China Earthquake Networks Center reported that the earthquake struck Luding’s mountainous areas shortly after noon.

Sichuan is a city that lies on the Tibetan Plateau’s edge. It experiences earthquakes regularly. At least four were killed in two earthquakes that struck June.

In the Tibetan autonomous Prefecture of Garze in Tibet, power was cut and buildings were damaged. 29 people died in that incident. The official Xinhua News Agency Tuesday reported that tents had been set up to accommodate more than 50,000 persons who were being evacuated from houses made uninhabitable by the earthquake.

CCTV showed rescue teams pulling a woman out of a Moxi home that had collapsed. Most of Moxi buildings are built from brick and wood. There were around 150 victims with various degrees of injury.

Authorities had earlier reported seven deaths in Luding County and fourteen more in the neighboring Shimian counties to the south. The Hailuogou Scenic Area is a forest reserve and glacier, where three of the victims were employees.


Rescuers rescue trapped people from Mozigou Village on September 5, 2022 at Luding County in Garze Tibetan Autonomous Prefecture. Sichuan

VCG/VCG through Getty Images

CCTV reported that authorities also received reports of stones and soil being thrown from the mountainsides. This caused power outages and damage to houses. The Ministry of Emergency Management stated that a landlide caused a blockage of a rural highway and left it with boulders.

In Chengdu 200 km (125 miles) from the epicenter, buildings shook. Jiang Danli, a resident said that she was forced to hide under a desk in her apartment on the 31st floor for five minutes. Fearful of any aftershocks, many of her neighbours raced downstairs.

“There was a strong earthquake in June, but it wasn’t very scary. This time I was really scared, because I live on a high floor and the shaking made me dizzy,” she told The Associated Press.

The earthquake and lockdown follow a heat wave and drought that led to water shortages and power cuts due to Sichuan’s reliance on hydropower.
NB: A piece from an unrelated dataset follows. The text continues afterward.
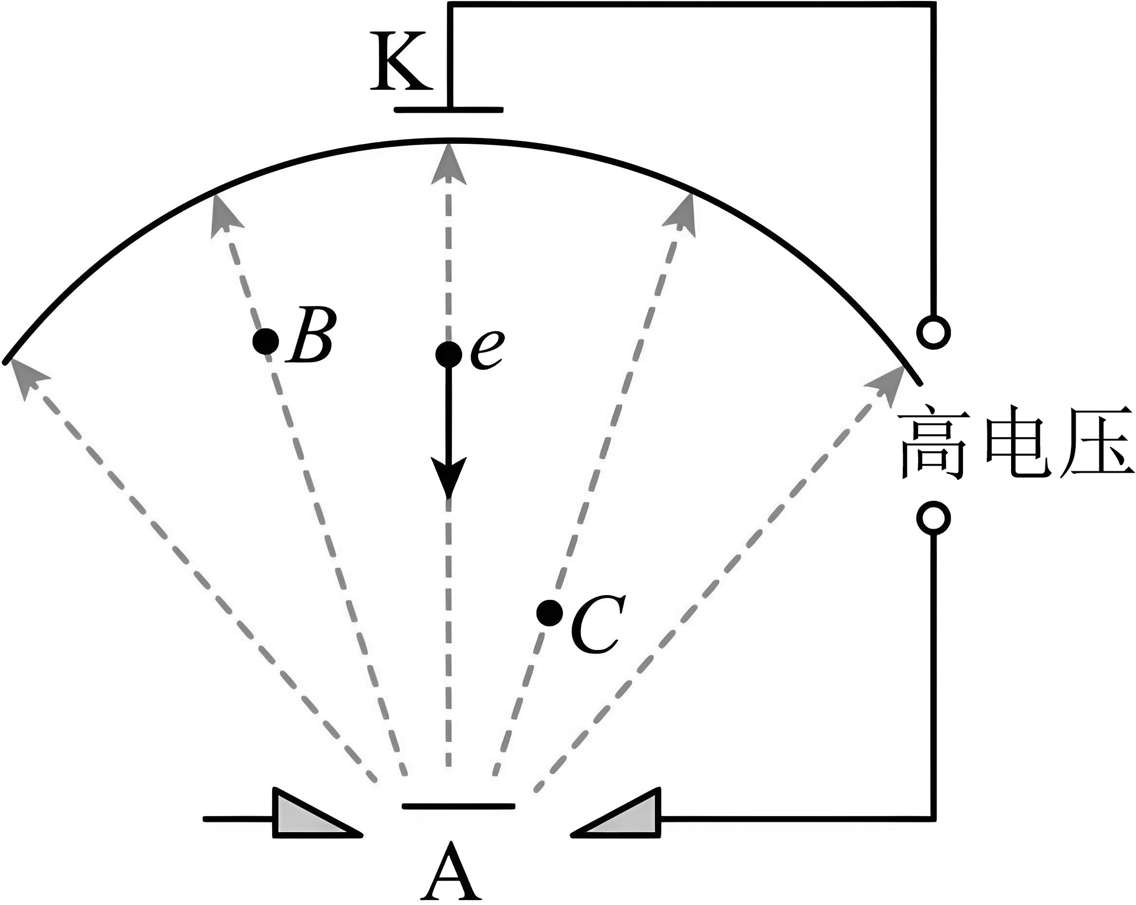 16、如图所示为电子束焊接机,K为阴极,A为阳极,两极之间的距离为 , 在两极之间加上高电压 , 两极之间形成了辐向分布的电场,图中带箭头的虚线代表电场线,、是电场中两点。有一电子在K极由静止被加速,不考虑电子重力,元电荷为 , 则下列说法正确的是( )A、A、K之间的电场强度均为 B、点电势小于点电势 C、点电场强度大于点电场强度 D、电子由K到A的电势能增加了

That comes on top of the latest major lockdown under China’s strict “zero-COVID” policy.

The past two months in Chengdu “have been weird,” Jiang said.

The U.S. Geological Survey recorded a magnitude of 6.6 for Monday’s quake at a relatively shallow depth of 10 kilometers (6 miles). Sometimes, preliminary measurements from different agencies differ slightly.

China’s deadliest earthquake in recent years was a 7.9 magnitude quake in 2008 that killed nearly 90,000 people in Sichuan. It devastated schools, towns and villages outside Chengdu. This led to years of work to build stronger materials.